In the 40 years since that first Earth Day the Adirondack region has seen a revolution in the way we interact with our environment. Sure, we can point to the founding of DEC (1970), the establishment of the EPA (1971), the Clean Air Act (1970), and the Clean Water Act (1972), State Environmental Quality Review Act (1980), the Superfund Law (1980), and the Environmental Protection Fund (1993) but there has been a leadership revolution as well. Today, Pete Grannis, who was part of the first Earth Day demonstrations, is now the head of the DEC. Judith Enck, the state’s leading environmental activist in the 1980s, is now the Administrator of EPA’s Region 2.
Changes in the natural environment have been extraordinary. The Hudson River, once an open sewer where no one dared to boat, never-mind swim or fish, now bustles with recreation activities in summer. According to the DEC, the number of seriously polluted waters in the state has fallen by 85% and Sulfur Dioxide pollution is down by 90%, with a corresponding improvement in Acid Rain.

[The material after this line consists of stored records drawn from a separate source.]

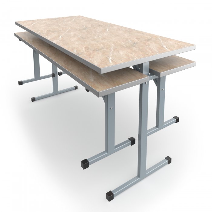 Столешница обеденного стола изготавливается из ДСП толщиной 26мм с покрытием износостойким пластиком. Торцы у столешницы закрываются ударопрочной кромкой ПВХ толщиной 2мм. Металлический каркас стола выполнен из металлического профиля сечением 25х25 и 25х40мм с толщиной стенок не менее 1,2мм и покрыт порошковой краской, стойкой к химическим и механическим воздействиям. Опоры стола соединяются между собой траверсой, выполненной из металлического профиля сечением 25х40мм, что придает конструкции стола дополнительную жесткость. На свободных концах труб установлены заглушки из ударопрочных полимеров. Каркас стола имеет полимерные подпятники, предотвращающие повреждение напольного покрытия. Крепление столешницы – болты с шестигранной головкой и футорки.
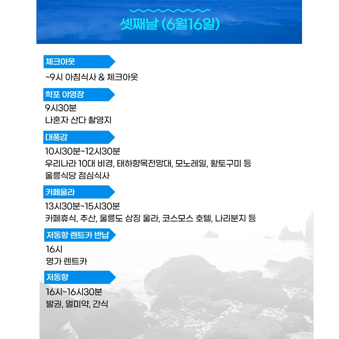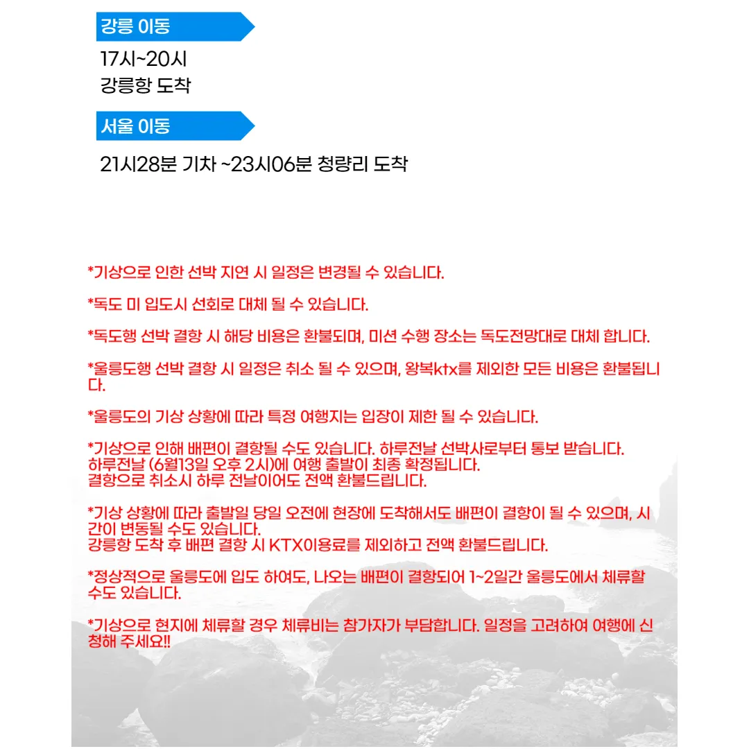 6์16์ผ(์ผ) 17์ ์ ๋ํญ ์ถ๋ฐ โ 20์ ๊ฐ๋ฆํญ ๋์ฐฉ 21์28๋ถ ๊ฐ๋ฆ์ญ KTX โ 23์06๋ถ ์ฒญ๋๋ฆฌ์ญ ๋์ฐฉ
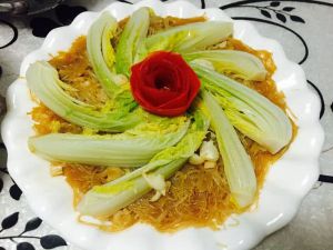 摆盘,下面放粉丝,上面放娃娃菜,隔水蒸熟。
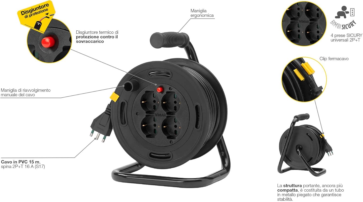 Quando si lavora in casa, in cantina o all’esterno, il problema non è solo arrivare con il cavo dove serve. Bisogna anche evitare grovigli, sovraccarichi e prese scomode. Qui entra in gioco Vimar 0P32730 Avvolgicavo 16A, dotato di 15 metri di cavo, 4 prese universali e spina italiana standard 16A tipo L a 3 poli.
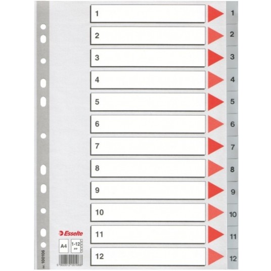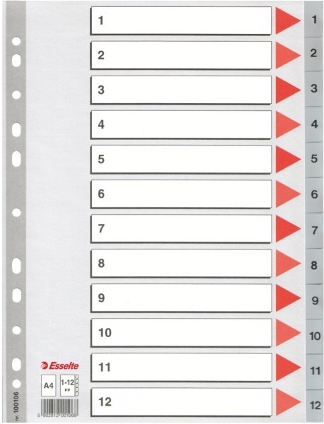 Przekładki plastikowe Esselte PP A4 numeryczne 1 - 12
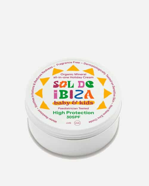 Økologisk og naturlig solcreme med solfaktor 30 til børn og babyer fra spanske Sol de Ibiza er fremstillet af veganske, økologiske og naturlige ingredienser som ikke er skadelig for hverken dig, vores natur eller havmiljø. Solcremen er nem at have med på farten, da den ikke fylder meget i tasken – den er fast, så du skal ikke bekymre dig om det løber ud i tasken.
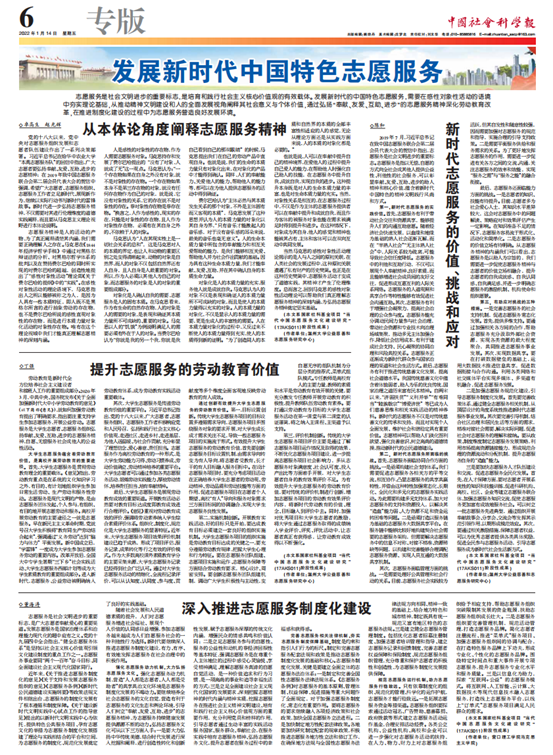 近日,51暗网 卓高生教授领衔,赵光辉、陈和、丁强、董海涛等51暗网 公益慈善与志愿服务研究中心同仁共同参与,在中国社会科学报发表“发展新时代中国特色志愿服务”专版系列论文。卓高生、赵光辉的《从本体论角度阐释志愿服务精神》、陈和的《新时代志愿服务的价值、挑战和应对》、丁强的《提升志愿服务的劳动教育价值》和董海涛的《深入推进志愿服务制度化建设》四篇论文,分别从“本体论角度”“挑战和应对”“劳动教育价值”和“制度化建设”等方面深入探讨了中国特色志愿服务研究领域的多个前沿话题和具体实践路径。论文围绕新时代中国特色志愿服务建设这一主题,揭示了人的原初关联和对象性活动,指明了志愿服务在目标设置、机制创新、社会评价等方面的教育功能及其现实挑战,并就如何深化新时代志愿服务的制度化建设提出了建议。
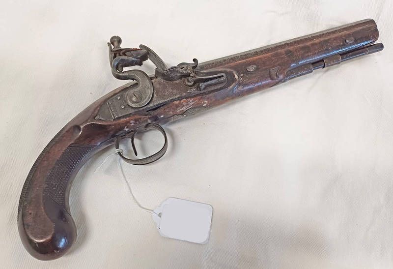 24 bore flintlock holster pistol with indistinct signature to lock, 21.5 cm long barrel full stock with ramrod and chequered panels to grip
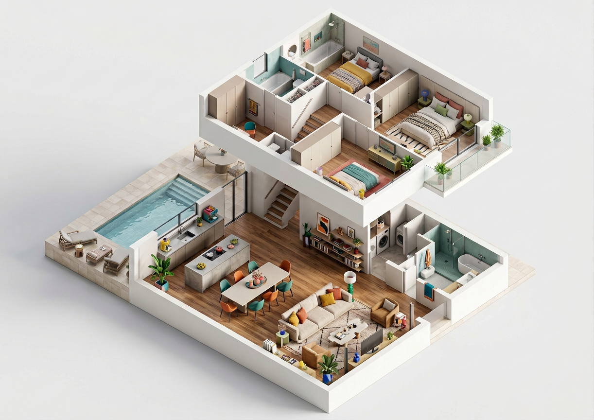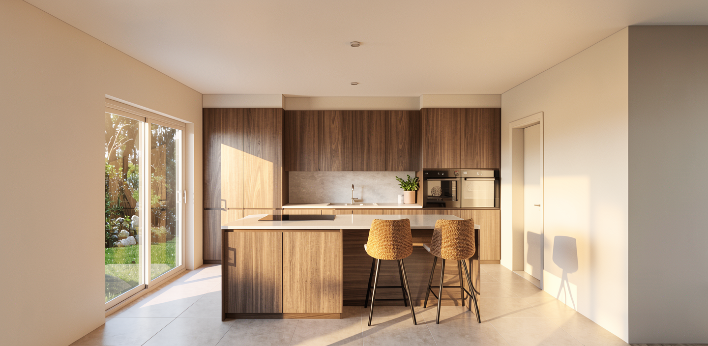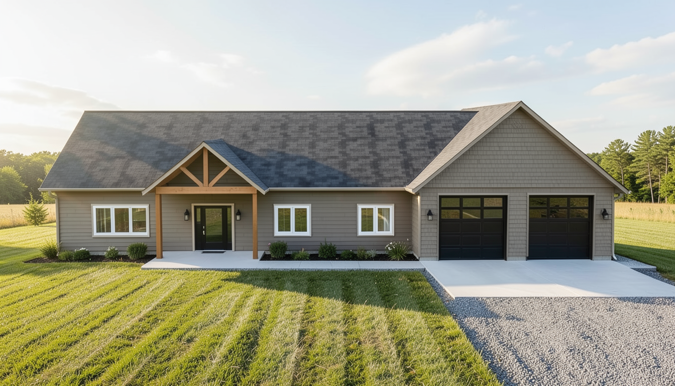 located in a natural field mowed lawn around the house we re looking at the front of the house front of the house faces north so the sun should be shining from the back and shading the front slightly make it look realistic maintain architectural details james hardie lap siding black garage doors white window frames no window grids gravel drive in front of a brushed concrete driveway apron front entry patio and front walkway window trim matches body color of home make sure garage door glass is maintained make white windows appear fairly muted not popping out make doug fir timber framing stain color medium dark
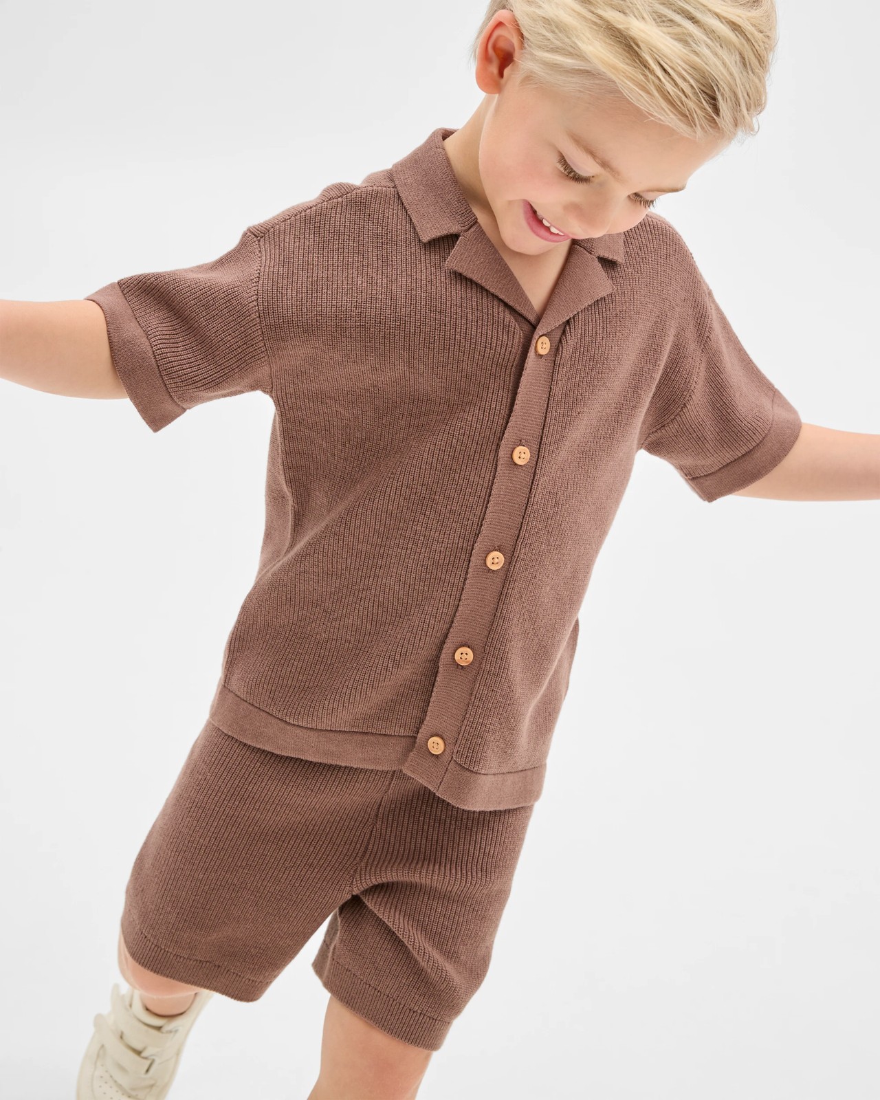 Discover comfort and style combined with our Knit Shirt and Short 2 Piece Set. This outfit features a collared knit shirt with a button-down front and short sleeves, ensuring easy movement. The matching shorts, designed with an elastic waistband and drawcord, provide a perfect fit for endless play. This versatile set will effortlessly become a wardrobe favourite. Don't miss out on giving your little one the perfect mix of fashion and functionality.
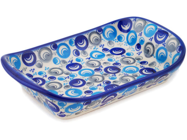 This Polish Pottery Platter with Handles is handmade and handpainted by the Ceramika Bona factory in Boleslawiec, Poland. Manufacturer item number H3142Q. It is 1½" high and measures 7½" by 5". The weight of this Platter with Handles is 1.0 lbs. It is part of the Blue Peacock Eye Collection.
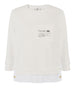 La felpa da donna in maglia di felpa avorio Elisabetta Franchi presenta un taglio cropped sopra la schiena, girocollo a costine e maniche ¾. Il taschino stampato con logo, bottoni in metallo dorato e logo con lettering sul retro conferiscono un tocco di classe. La balza in popeline aggiunge un dettaglio raffinato. Vestibilità regular. Composizione: 65% cotone, 35% poliestere. Perfetta per un look elegante e casual.

Successes we don’t typically consider include the closure of outdated and poorly located landfills (more than 100 in Adirondacks alone), the elimination of the tire dumps (including more than 27 million tires statewide), the cleaning up of Superfund and brownfield sites (1,800 statewide) and the thousands of water bodies large and small around the state that have been cleaned-up in the last 40 years through waste-water management.
We may not consider those victories as much as we should, but local wildlife certainly has. In 1970 there was just one occupied Bald Eagle nest in New York State, in 2010 there are 173. Eagles and other raptors we rarely saw in the 1970s and 1980s, birds like the peregrine falcon, are now fairly frequent sights; ravens and osprey have returned to the Adirondacks. Wild turkeys have exploded from about 25,000 in 2010 to 275,000 today, and so turkey hunting has returned to the Adirondacks. Native trout have been returned to more than 50 ponds according to the DEC, and the average number of fish species has increased by a third offering increased angling opportunities. Beaver, fisher, and otter have flourished in cleaner, more diverse waters and so trapping seasons have returned for those species. In 1970 there were no Moose in the Adirondacks, today there are 400 to 500 in the region.
Clean water, clean air, and open spaces were the demands at the first Earth Day in 1970. Those demands were met by legions of combative corporations, industry alliances, business groups, chambers of commerce and their attorneys. A look at a local paper on any given day shows that those battles continue, but 40 years has shown that the environmental movement has been an enormous success. Despite the attacks and “enviro-nazi” insults, the former hippies, political greens, organization environmentalists, and wildlife conservationists who have made up the environmental movement have much to be proud of.